### [YOUR OBJECTIVE]
Please quote exactly the lines below from the line containing "Πρώτο πιάτο σαλάτα" to the line containing "A Poplar and", both lines included, and nothing else.

Collected data entries
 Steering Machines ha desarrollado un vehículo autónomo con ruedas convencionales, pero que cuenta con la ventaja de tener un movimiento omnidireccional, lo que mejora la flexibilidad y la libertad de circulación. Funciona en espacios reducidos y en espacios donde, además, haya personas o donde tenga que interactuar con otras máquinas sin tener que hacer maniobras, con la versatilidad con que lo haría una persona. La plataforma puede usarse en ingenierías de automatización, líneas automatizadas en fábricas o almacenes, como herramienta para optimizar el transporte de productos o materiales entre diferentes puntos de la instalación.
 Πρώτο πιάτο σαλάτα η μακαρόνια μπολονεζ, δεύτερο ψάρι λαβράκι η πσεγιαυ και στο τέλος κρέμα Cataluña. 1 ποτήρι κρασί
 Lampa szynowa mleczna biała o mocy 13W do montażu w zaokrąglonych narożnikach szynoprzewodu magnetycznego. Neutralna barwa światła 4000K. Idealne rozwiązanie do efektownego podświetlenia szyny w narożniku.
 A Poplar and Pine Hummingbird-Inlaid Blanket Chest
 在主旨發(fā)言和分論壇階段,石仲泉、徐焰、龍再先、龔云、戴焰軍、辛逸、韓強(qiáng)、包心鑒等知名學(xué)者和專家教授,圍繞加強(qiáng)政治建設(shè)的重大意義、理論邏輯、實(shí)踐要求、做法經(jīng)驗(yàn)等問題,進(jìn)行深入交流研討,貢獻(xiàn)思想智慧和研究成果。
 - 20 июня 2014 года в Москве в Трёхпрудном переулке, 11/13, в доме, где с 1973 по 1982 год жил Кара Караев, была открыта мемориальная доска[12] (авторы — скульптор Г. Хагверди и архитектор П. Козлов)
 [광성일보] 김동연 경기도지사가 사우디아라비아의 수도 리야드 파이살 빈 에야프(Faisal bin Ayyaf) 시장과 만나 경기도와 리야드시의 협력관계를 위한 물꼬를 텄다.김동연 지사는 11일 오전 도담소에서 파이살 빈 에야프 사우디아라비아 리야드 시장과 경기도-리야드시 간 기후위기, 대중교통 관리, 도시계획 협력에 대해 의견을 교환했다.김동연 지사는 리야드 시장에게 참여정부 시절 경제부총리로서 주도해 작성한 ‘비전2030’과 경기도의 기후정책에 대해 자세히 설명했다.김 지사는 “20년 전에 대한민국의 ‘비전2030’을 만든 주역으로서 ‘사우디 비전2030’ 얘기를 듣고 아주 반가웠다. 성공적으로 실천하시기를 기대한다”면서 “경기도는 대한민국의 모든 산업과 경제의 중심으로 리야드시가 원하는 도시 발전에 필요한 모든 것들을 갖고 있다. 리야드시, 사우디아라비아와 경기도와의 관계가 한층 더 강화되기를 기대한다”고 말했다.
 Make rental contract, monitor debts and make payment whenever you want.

==

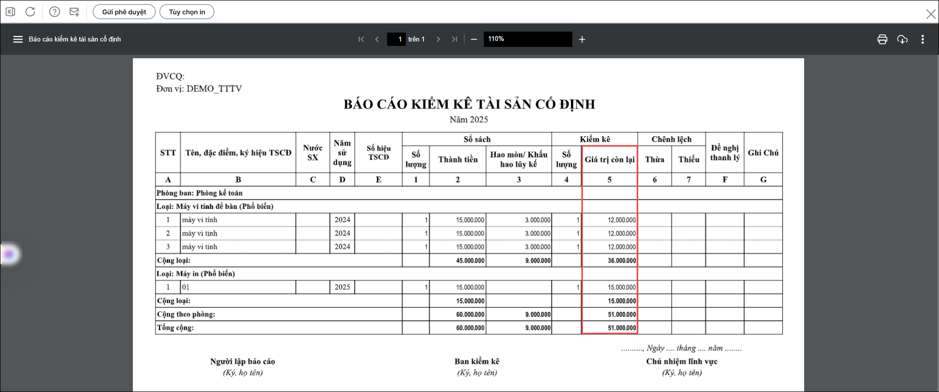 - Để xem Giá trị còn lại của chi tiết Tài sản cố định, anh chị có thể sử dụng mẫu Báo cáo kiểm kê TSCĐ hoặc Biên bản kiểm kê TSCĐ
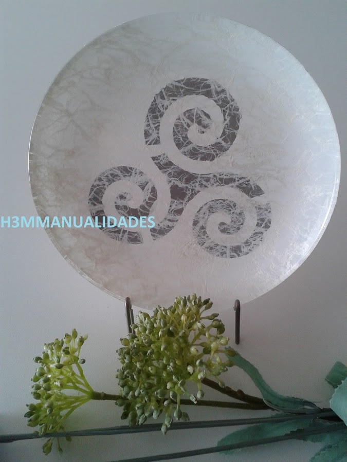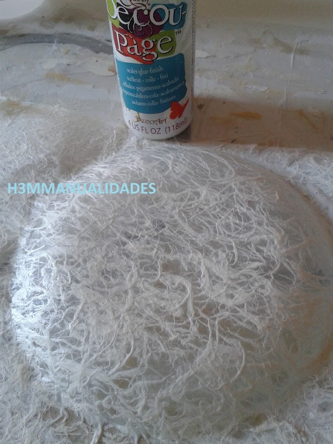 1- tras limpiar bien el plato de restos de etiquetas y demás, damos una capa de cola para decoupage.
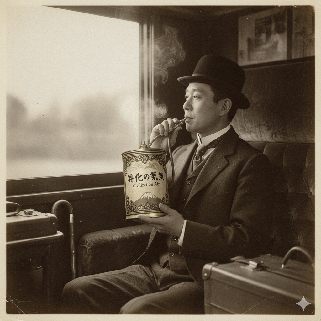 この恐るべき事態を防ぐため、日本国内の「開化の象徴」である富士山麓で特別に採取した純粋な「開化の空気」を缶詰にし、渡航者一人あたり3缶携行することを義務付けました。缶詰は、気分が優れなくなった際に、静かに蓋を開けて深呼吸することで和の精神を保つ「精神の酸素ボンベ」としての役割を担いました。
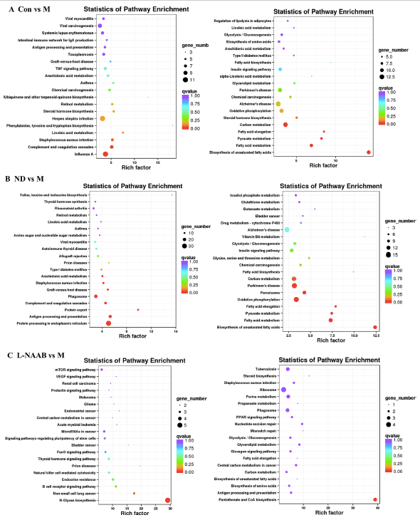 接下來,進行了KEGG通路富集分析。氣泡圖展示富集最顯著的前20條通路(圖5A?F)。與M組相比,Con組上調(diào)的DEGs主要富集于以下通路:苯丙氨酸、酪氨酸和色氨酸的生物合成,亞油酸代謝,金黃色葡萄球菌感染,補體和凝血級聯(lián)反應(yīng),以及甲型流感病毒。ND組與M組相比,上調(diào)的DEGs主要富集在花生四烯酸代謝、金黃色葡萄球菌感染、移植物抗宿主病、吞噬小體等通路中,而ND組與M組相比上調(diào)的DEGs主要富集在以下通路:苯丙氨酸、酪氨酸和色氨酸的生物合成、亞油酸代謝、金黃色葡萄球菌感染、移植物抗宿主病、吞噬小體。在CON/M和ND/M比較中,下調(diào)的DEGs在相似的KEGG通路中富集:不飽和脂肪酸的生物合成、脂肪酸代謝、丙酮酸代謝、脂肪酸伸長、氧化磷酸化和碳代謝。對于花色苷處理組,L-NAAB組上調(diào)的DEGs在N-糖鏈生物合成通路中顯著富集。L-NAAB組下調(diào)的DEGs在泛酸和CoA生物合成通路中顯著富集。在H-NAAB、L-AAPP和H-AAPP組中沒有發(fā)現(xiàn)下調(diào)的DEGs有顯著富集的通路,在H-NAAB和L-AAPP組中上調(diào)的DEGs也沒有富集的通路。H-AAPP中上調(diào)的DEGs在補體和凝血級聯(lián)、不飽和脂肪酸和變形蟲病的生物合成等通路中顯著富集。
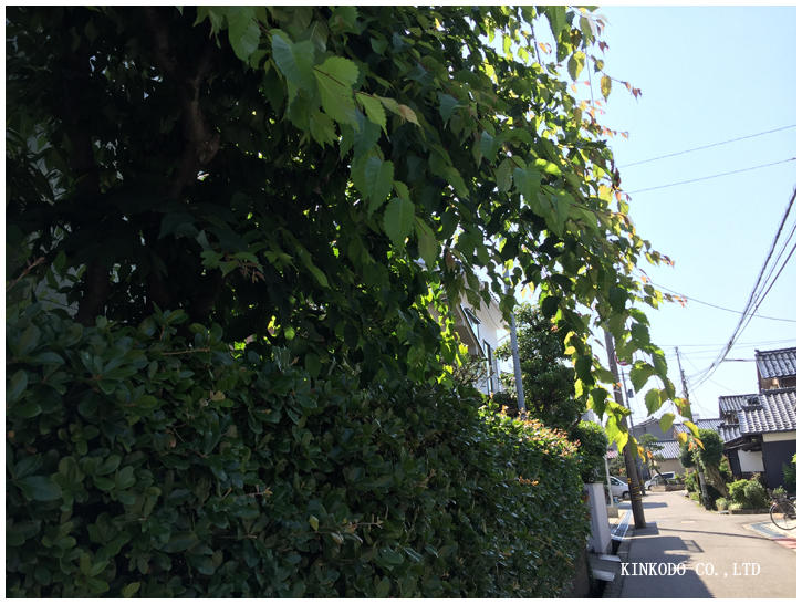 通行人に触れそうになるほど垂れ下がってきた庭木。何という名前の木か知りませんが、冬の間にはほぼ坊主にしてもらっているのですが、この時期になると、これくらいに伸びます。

### [RESPONSE]
 Πρώτο πιάτο σαλάτα η μακαρόνια μπολονεζ, δεύτερο ψάρι λαβράκι η πσεγιαυ και στο τέλος κρέμα Cataluña. 1 ποτήρι κρασί
 Lampa szynowa mleczna biała o mocy 13W do montażu w zaokrąglonych narożnikach szynoprzewodu magnetycznego. Neutralna barwa światła 4000K. Idealne rozwiązanie do efektownego podświetlenia szyny w narożniku.
 A Poplar and Pine Hummingbird-Inlaid Blanket Chest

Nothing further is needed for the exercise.